As everyone knows who has read my entries here and on my own blog, I am in the process of moving –and discovering what a spiritual learning curve it is to buy a home in the town in which I had grown up. I am shuttling between two places right now – my almost-boxed up apartment and my house 200 miles away. The official move is Dec 15-16. I am deep into “sorting mode”. I opened up a box that had been in my garage since two years after my Mom had died, 11 years ago. I pulled out a birthday card. It was covered with pink roses and ribbon and said “Happy Birthday Beloved Daughter.” I braced myself for tears when I would see my Mom’s signature.
But it wasn’t there.
This was a card from my Dad, a man with whom I had had only glimpses of a good relationship during his life. And here was this remnant of one of those tiny but precious moments. I remembered the year. My father had, as usual, forgotten my birthday, although it was two days after his own. I called him the next day and told him that he had forgotten, but (in a rare act of assertiveness with him) I told him that he could still send a card.
He said that he was sure Mom had left some unused cards around, and he would try to find them. She always had cards on ready-reserve. “No guarantees, though,” he added with characteristic gruffness.
I developed an instant backbone and said. “Look, I am your only kid. Go to the drugstore. Pick out a card just for me. One that says the truth. It is not a lot to ask. A card – chosen with me in mind – that’s all. I deserve that much, don’t I?”
A few days later, it arrived. It had two pages of Hallmark-written prose. It spoke of seeing the future in my face when I was born, and added …”Now I know that we are living in that future, and that it is very different than I imagined it would be. It hasn’t all been beautiful. Some of it has been scary, and painful, and sad.” Then it went on to say, in the words of the Hallmark writer, but from the heart of my often brutal father, it said, regardless of what happened, that he would love me. He signed it “Forever, Your Pop”.
I sat in the garage and just wept at the reminder of the best side of him – the part that ‘got it’ about me and him and life in general.

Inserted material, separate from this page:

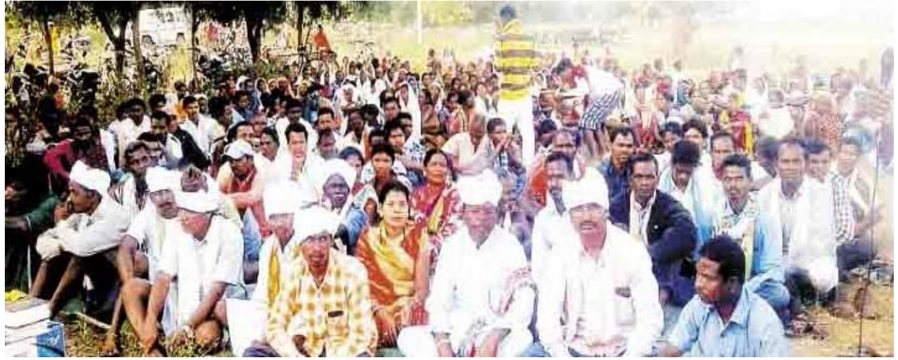
Masses protest against proposed police station in Dilmili village

An Ultra mega steel plant has been proposed in Dilmili village of Darbha block in Bastar district under the aegis of the comprador capitalists, for the security of which a police station there has already been sanctioned by the Indian government. But the

The part of him that he lost when he lost his way as a father and a man.
And I remembered calling him and thanking him right away – but it was after his moment had passed, and his heart had closed up again. Still, I had seen it open, and no one could take that from me – not even him. We had both remembered the core of a better time, and that was never to be changed.
I think that we all need to be alert to such moments – such fragile miniature epiphanies -- places where the light manages to squeeze in – little blips on life’s horizons that are worth their weight in gold and diamonds.
And so why do I find this loving card now? Why does it surface during moving and relocating? Maybe it is a reminder that not all my hometown paternal memories are bad.
But I think it is other than that.
I think my Dad is somewhere in the Great Ether having another moment. Sending me a card about futures that change, lives that don’t end where we thought they would, but lives where love, at ground level, goes on. Love goes on past life, past lost ways, past broken hearts, mistakes, errors and salvaged dreams. And love that rushes, unbidden and full of promise, into lives that are undergoing reinvention.
Thanks, Pop. And here is “Forever backatcha”.
6 Comments:
There are a lot of internet acronyms like LOL or LMAO but there are none for moments like these and I'm glad.
Sitting here with tears running down my cheeks. Your post was beautiful.
What a wonderful story Mata. I hope you come across more wonderful memories as you find your way home. Love and a big hug to you.
This is so beautifully said, thank you. All the best of luck with your move.
--aa.
Funny how those things appear when we need to see them. Coincedence? I think not.
Others have already verbalized my thoughts. This is simply an amazing post. - Tim
Thank you all so much. I am sitting here looking at the card right now..cherishing what I know is a miracle. Then it struck me yesterday -- I found the card in the same week that was the 2nd anniversary of my Father's passing. Just in case I missed the message, God sent it with a few figurative neon lights attached.